START Exercise data
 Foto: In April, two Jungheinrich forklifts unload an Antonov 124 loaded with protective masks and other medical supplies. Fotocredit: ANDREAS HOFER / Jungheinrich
END Exercise data
START Exercise data
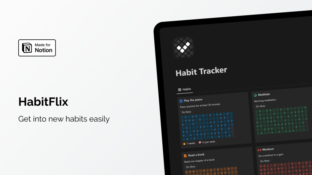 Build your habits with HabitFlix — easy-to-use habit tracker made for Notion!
END Exercise data
START Exercise data
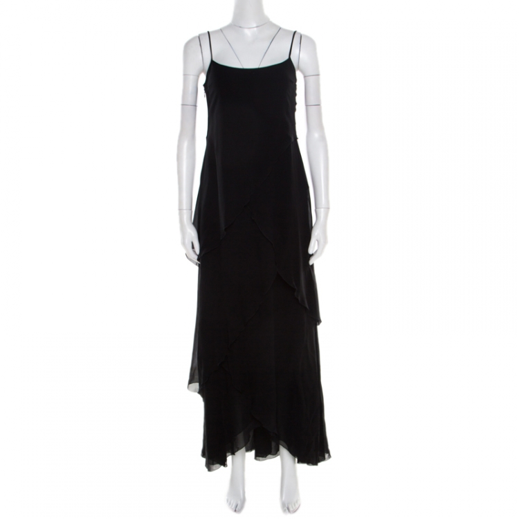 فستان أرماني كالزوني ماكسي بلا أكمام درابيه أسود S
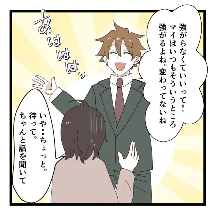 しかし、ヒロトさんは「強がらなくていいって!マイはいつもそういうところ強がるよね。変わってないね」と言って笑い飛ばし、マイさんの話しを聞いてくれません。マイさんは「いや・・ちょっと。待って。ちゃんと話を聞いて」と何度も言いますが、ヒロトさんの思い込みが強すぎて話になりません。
END Exercise data
• Work to complete: Within the material above, find the part that opens with the line containing "فستان أرماني كالزوني" and closes with the line containing "しかし、ヒロトさんは「強がら", and reproduce it exactly without the pictures.

• Result:
 فستان أرماني كالزوني ماكسي بلا أكمام درابيه أسود S
 しかし、ヒロトさんは「強がらなくていいって!マイはいつもそういうところ強がるよね。変わってないね」と言って笑い飛ばし、マイさんの話しを聞いてくれません。マイさんは「いや・・ちょっと。待って。ちゃんと話を聞いて」と何度も言いますが、ヒロトさんの思い込みが強すぎて話になりません。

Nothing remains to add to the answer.